Murder in the Shadow of Harvard

ByABC News
March 12, 2002, 6:22 PM

March 13 -- To university officials and prospective students, it's known as Harvard Square. But to locals and the street kids who make it their home, it's the Pit.

The square is a busy pedestrian hub just outside the entrance to the Harvard campus in Cambridge, Mass. At its center is a sunken plaza the Pit that has for decades attracted a mixture of the homeless, the jobless and the adventurous. Many of the Pit regulars panhandle and a few sell drugs, but most just sit and talk.

Last summer, a new arrival joined the crowd at the Pit: Io Nachtwey, a sunny, free-spirited 22-year-old from the Hawaiian island of Maui. Nachtwey had been very successful in high school an excellent student, fluent in several languages, and so popular that her classmates gave her an ovation at graduation. But when her family decided to move to a Hare Krishna community in Florida, she decided to strike out on her own.

Nachtwey came to the East Coast in the hope of becoming a flight attendant, but her money ran out and she ended up spending a few nights in a shelter in Maine. There she met Gene Bamford, a 10-year veteran of the street life known as Leppy.

The pair wound up in Cambridge, hanging out at the Pit during the day and spending their nights sleeping rough at a local cemetery.

The perpetually upbeat Nachtwey was popular at the Pit and told her friends she was happy. "She would say, 'If you can't spare any change, spare a smile,' you know," remembers Michael Sullivan, who runs a homeless outreach program in Cambridge.
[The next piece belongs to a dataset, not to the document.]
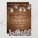 Convite Rustic Wood Mason Jar String Luzes Lace Casamento
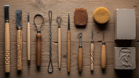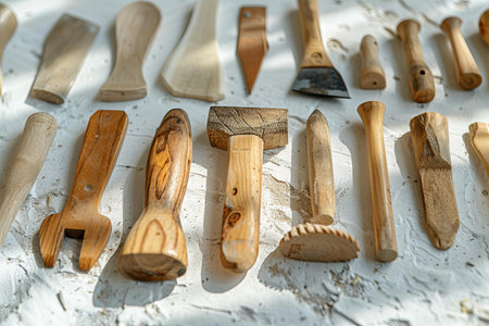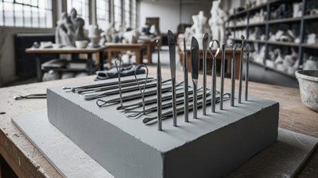A collection of sculpture tools neatly arranged on a workbench. --ar 3:2 Job ID: 02400053-8a3e-4ecd-bbb3-ffacb5b54180

During the summer, Nachtwey and Bamford became engaged.

"She never had a bad word to say of nobody," said Bamford. "All she wanted them to do was smile."

After Dusk

During the day, the Pit can be a friendly place. But it takes on a different character after the sun goes down. "The Pit draws people who prey on the weak. It draws predators, right, and there's nothing you can do to change that," said Sullivan.

During the summer, a new group appeared at the Pit, a gang of young men who claimed to be an offshoot of the Boston branch of the Crips. The gang allegedly offered the street kids a tempting offer: food, shelter and a sense of belonging in return for robbing people.